Thanks for the pictures... I will make one of them before young birds this season and test it out!


----------



## Victor (Dec 18, 2004)

Beautiful structure

Beautiful birds

Beautiful surroundings

Just simply beautiful!


----------



## DEEJAY7950 (Dec 13, 2006)

pigeonpoo said:


> Here are some photos of my sputnik Matt. Although I do not race, I do know of very successful racers who use sputniks. I like mine because it acts as an aviary for the birds and I find it very easy to train young birds to trap into it.


I just have to ask you this, while this is good looking and all, doesn't this leave your loft open for hawks and many other predators to enter your loft seems very risky or do you have some way of locking up that box so nothing can get into the loft after the birds are in?


----------



## pigeonpoo (Sep 16, 2005)

DEEJAY7950 said:


> I just have to ask you this, while this is good looking and all, doesn't this leave your loft open for hawks and many other predators to enter your loft seems very risky or do you have some way of locking up that box so nothing can get into the loft after the birds are in?



No, it's quite safe. A sheet of perspex slides down from under the glass to cover the holes that the birds drop through. In addition there are doors on the inside of the loft that I can close to shut off the sputnik. This way I can shut young birds in the sputnik, before they can fly, so that they get a good look around outside the loft and, also, if I have a bird that is overdue, I can close the inside of the sputnik to protect the loft but the bird can still trap in, at least, to the sputnik. I've even been known to leave food and water in it for a late arrival! We don't have the hawk problems here in the UK that there are in the US; I have had my birds for three years now and have yet to see even a Sparrowhawk. Having said that, I'm always very careful to remember to close the sputnik once the birds are in.
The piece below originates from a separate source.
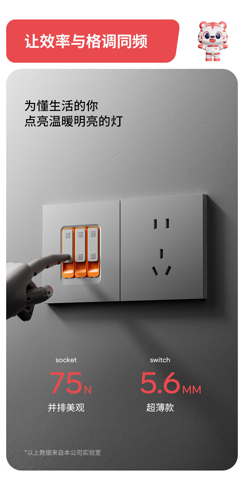 国际电工灰色哑光美学大板科技感自带灯智能滑动开关二开双控无框超薄面板 五孔插座-无框面板

To train young birds, once they are weaned I place them on the landing board, one at a time. They hate being out in their own and drop almost straight away through the holes. After three times I think they are trap trained. Then I place them all out together onto the landing board for half an hour before feeding time (this is before they are flying). As soon as I shake the can they trap and gradually, over the days, become more adventurous until they are on the loft roof and then taking little flights around it.


----------



## TAWhatley (Mar 6, 2001)

For those who have been having fun with the sputniks and space types of posts, please feel free to carry on in the Small Talk Forum .. I moved the posts there so as not to clog up the Loft Designs area with a bunch of unrelated stuff.

Here's a link to your new thread: http://www.pigeons.biz/forums/showthread.php?t=24160

Terry


----------



## Greek Boy (Apr 12, 2010)

*Sputniks*

Dear Terry,
Sputniks are a part of loft design!!! It is a method used throughout Europe for years now. It is used as a small aviary,drop door (entrance), and release door all in one. You spoiled a good conversation and caused everyone reading to goof on what you did and said.
Greek Boy


----------



## Greek Boy (Apr 12, 2010)

Dear Terry, 
I apologize about the above message. You were taking the jokesters and putting them in a unrelated forum in order not to take up space in the 'Loft Designs" forum.
Again sorry, Greek Boy.


----------